Maybe its semantics, but this simple change in language highlighted one of the key differences between a trainer with a ‘product’, and an invisible trainer. Trainers generally like to be considered partners, but the reality is that often, they are suppliers. Often this too is down to the language used... “I can do X for you”, “My workshop will achieve Y”. This is then reflected by the client. “You said you would...” etc. Both sides protect their property and ideas and there is a clear sense of you and us. Not to say that this can’t be a harmonious and productive relationship (indeed it often is), but the fact is, the trainer is a supplier. If the supplier doesn’t live up to expectation, then another supplier is sought.
Maybe its because no-one knows we’ve been there, or that all the end credit goes to the internal team at the end of the project, but as an invisible trainer, I fee the focus is much more on ‘we’ and ‘us’. Information is shared freely, work is completed in partnership, and you do become an extra team member for the duration of the project.
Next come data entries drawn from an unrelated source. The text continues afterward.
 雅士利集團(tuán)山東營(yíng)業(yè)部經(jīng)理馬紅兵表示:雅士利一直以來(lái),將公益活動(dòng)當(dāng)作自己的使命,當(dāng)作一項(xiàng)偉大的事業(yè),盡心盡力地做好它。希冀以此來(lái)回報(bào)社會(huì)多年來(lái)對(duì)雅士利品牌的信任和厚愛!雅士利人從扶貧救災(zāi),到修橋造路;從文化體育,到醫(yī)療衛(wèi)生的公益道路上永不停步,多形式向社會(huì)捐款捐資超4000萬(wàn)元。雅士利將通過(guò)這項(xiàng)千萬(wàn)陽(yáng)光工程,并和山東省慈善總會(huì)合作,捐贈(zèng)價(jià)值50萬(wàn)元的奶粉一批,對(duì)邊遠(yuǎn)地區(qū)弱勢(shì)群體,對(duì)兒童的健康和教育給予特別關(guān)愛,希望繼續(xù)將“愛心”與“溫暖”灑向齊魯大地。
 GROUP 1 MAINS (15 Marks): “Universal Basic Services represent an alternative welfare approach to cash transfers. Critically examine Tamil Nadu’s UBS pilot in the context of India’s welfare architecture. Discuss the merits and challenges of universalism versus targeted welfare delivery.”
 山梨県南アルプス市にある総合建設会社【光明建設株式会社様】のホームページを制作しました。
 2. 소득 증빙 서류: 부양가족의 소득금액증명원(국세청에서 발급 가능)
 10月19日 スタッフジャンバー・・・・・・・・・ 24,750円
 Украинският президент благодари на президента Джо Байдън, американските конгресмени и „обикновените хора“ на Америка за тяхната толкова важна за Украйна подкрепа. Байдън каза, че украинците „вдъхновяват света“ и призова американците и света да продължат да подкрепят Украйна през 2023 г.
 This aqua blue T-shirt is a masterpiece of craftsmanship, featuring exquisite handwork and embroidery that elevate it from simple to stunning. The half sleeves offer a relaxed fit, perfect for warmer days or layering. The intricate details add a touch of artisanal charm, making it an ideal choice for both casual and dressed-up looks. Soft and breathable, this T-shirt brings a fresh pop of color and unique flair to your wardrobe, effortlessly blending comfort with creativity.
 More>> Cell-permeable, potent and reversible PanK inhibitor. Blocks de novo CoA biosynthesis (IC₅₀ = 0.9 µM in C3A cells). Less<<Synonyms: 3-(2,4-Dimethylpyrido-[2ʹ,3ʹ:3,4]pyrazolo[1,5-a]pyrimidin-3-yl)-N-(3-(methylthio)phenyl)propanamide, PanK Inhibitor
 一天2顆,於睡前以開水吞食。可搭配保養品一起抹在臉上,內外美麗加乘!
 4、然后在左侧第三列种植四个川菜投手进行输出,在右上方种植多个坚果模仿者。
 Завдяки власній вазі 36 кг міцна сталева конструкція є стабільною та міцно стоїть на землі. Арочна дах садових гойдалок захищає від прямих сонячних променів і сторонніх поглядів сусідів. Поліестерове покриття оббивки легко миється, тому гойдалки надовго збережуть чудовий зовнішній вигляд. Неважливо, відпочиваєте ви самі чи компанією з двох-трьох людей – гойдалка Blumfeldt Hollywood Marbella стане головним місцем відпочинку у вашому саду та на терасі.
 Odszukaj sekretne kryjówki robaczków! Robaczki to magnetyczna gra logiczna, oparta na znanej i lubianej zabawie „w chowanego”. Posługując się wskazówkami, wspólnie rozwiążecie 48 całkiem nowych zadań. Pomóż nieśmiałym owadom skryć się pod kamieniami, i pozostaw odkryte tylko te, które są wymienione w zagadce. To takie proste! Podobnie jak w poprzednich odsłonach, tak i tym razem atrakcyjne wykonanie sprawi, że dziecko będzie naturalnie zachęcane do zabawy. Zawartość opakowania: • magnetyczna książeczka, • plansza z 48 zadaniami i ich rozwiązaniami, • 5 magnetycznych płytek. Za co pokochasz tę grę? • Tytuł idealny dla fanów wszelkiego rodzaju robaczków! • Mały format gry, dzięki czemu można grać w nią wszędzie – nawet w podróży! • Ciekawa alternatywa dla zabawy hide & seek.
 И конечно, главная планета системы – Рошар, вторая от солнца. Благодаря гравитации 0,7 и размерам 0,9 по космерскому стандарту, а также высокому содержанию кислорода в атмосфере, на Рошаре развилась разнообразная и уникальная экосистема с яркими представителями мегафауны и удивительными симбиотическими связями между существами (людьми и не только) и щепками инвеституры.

The invisible trainer fills the gaps, oils the wheels and facilitates a solution (rather than produces a ready-made one), and then silently exists stage left.
So, how can we become more like partners and less like suppliers? Here are three simple tips:
1. Listen more than talk. Find out what’s important to them, don’t talk about what you think they need.
2. Share information freely. You have to give if you want to receive, so set the example yourself.
3. Don’t try and make your product fit their need. If it does, great. Go for it. If not, be honest. They will remember you and bear you in mind for the future.
4. Don’t rush. As a partner you are there to support them, not drive them. Be prepared to work on their agenda at their pace.
5. Talk about us and we, not you and I. Make sure that the language you use reflects a partnership approach. Say things like “we can do...” rather than “I will do...”. This also helps to encourage joint responsibility for the outcomes.